3/10
It wasn't just a volcano erupting!
12 August 2007
"I've made some of the greatest films ever made - and a lot of crap, too."

John Carradine, who had roles in The Ten Commandments and Stagecoach and Everything You Always Wanted to Know About Sex, But Were Afraid to Ask among his 334 films, and won awards for The Scarecrow and House of the Long Shadows, would probably list this film as one that was crap.

He plays a scientist that sends down a diving bell with four people to 1,700 feet when they get stranded. They manage to make it into Arizona's Colossal Cave and they meet up with a hairy bugger who has been stranded there 14 years.
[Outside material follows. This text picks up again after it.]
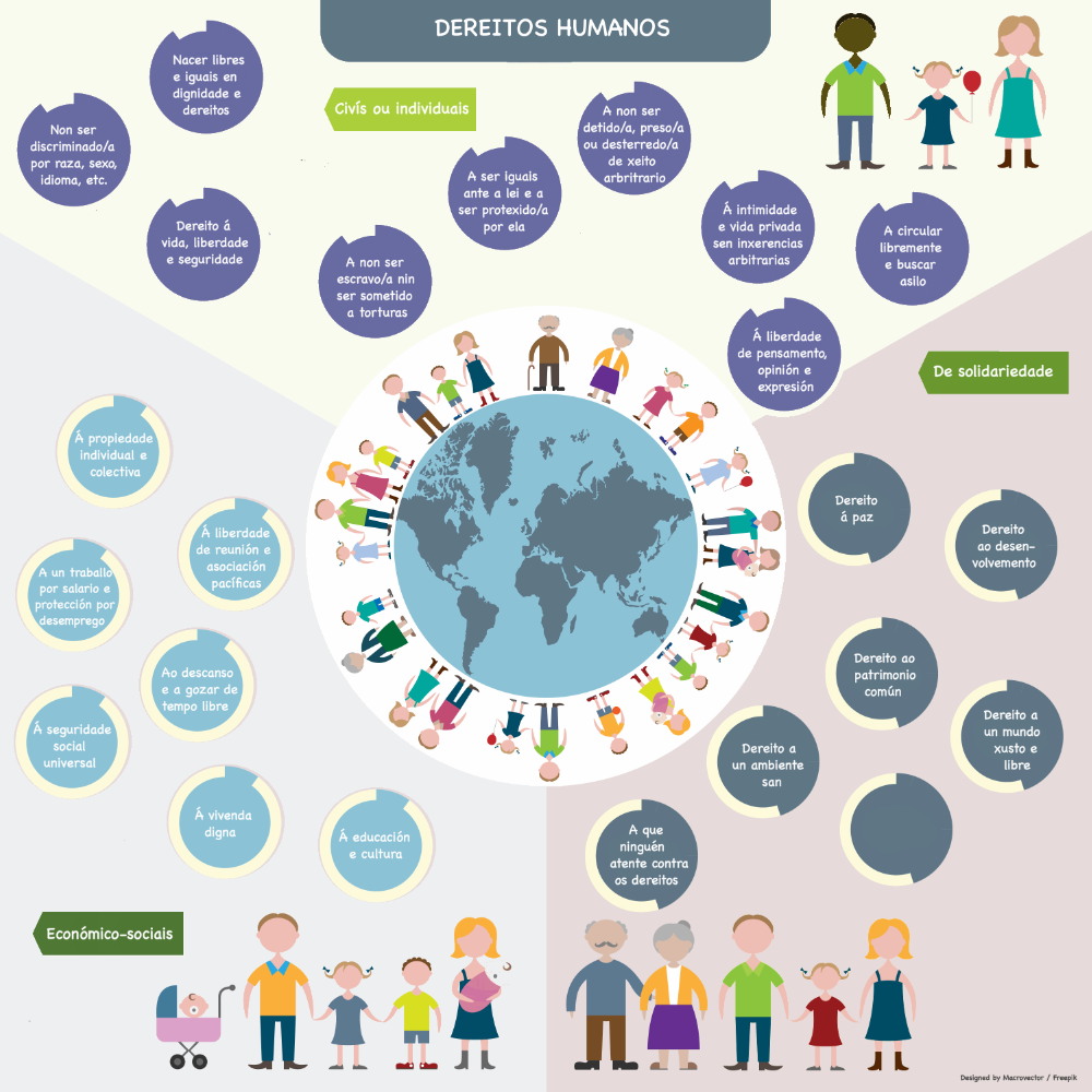 a) En grupo, propoñede un artigo máis para completar a seguinte infografía sobre os dereitos humanos recollidos na Declaración Universal (acceso directo).

Forget the others, this guy is focused on Phyllis Coates, who was the first Lois Lane on TV.

Yes, 14 years all alone and this old timer wants to find a way to get rid of the competition and have Lois to himself. Before he could get started, the volcano erupts and, well, just one eruption.

I just love this exchange between the two women:

Dale Marshall: You just listen to me, Miss Innocent. There's nothing friendly between two females. There never was. There never will be. Lauri Talbott: Sorry you feel that way. I was hoping we could help each other. Dale Marshall: You don't need help - neither do I. Not as long as we have two men around us.

O, the days when women thought that way.

This film had some very valuable information in it. I didn't know that people dived with a thermos of hot coffee, but it is good they do, as it is just the thing to revive someone who has run out of air.